Is philosophy literature? Jim Holt says yes. He would, wouldn’t he, because he has a new book out, Why Does the World Exist? An Existential Detective Story:
 The result is an eclectic mix of theology, cutting-edge science (of the cosmological and particle-physics variety) and extremely abstract philosophising, rendered (mostly) accessible by Mr Holt’s facility with analogies and clear, witty language. Some of the arguments he traces are familiar, from various attempts to prove the logical necessity of the existence of god to speculations among more adventurous physicists that the universe got its start as a kind of lucky quantum burp. But there are some odd and less familiar shores, too, such as an attempt to tie existence to an alleged necessity for goodness. There is also the argument that the universe exists because there are many more ways to exist than there are not to exist—and so existence is more probable.
More on Fifty Shades of Grey – it is a weird phenomenon but as Grumpy Old Bookman reminds us, there was a precedent set not so long ago. In France, naturellement.

When intellectuals come out fighting: James Zuccollo, an economist at NZIER, blogs at TVHE on a spat between Daron Acemoglu and James Robinson, authors of Why Nations Fail, and Jared Diamond who reviewed it for the New York Review of Books. Their letter in reply is, ah, robust – as is Diamond’s response. JZ provides all the links you need.

The full report from the judges of the 2012 NZ Post book awards is available as a PDF from Booksellers NZ.
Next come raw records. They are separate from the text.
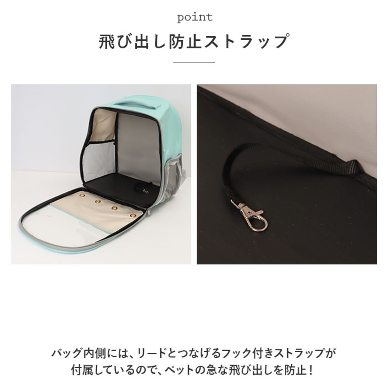 ・バッグ内側には、リードとつなげるフック付きストラップが付属しているので、ペットの急な飛び出しを防止!
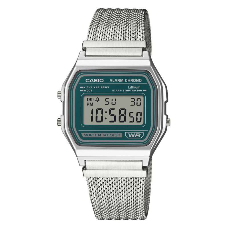 Le cadran de cette montre est un modèle de simplicité et de fonctionnalité. Avec sa couleur verte, il confère à l'ensemble une touche d'originalité tout en préservant l'identité résolument vintage de l'objet. L'affichage LED numérique rend la lecture de l'heure et d'autres informations aussi pratique que possible, que ce soit en pleine lumière ou dans l'obscurité. Ce cadran fournit des informations complètes, incluant l'affichage de la date, du jour, des heures, des minutes, et des secondes. De plus, le format de l'heure est flexible avec une option 12/24 heures, répondant aux préférences individuelles de chaque utilisateur.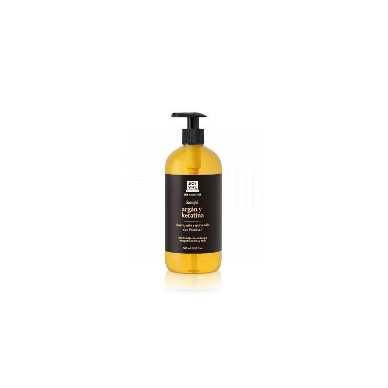 Soivre Champú Argán y Keratina limpia suavemente y fortalece el cabello dándole un brillo espectacular y una sensación sedosa extrema. Aconsejado para todo tipo de cabellos especialmente castigados, teñidos, secos y deteriorados por tratamientos o secados agresivos.

Philip Matthews reviews Beasts of the Southern Wild. Capsule:
You could call this magical realism in the wreckage of civilisation or something, but you could also call it a missed opportunity – minus any post-Katrina politics, you sense that the film is closer to a form of exotic tourism in poverty fetishism or even that most odious of movie clichés, the magical negro for white festival audiences.
Personally I can’t wait for the new Bourne and Bond.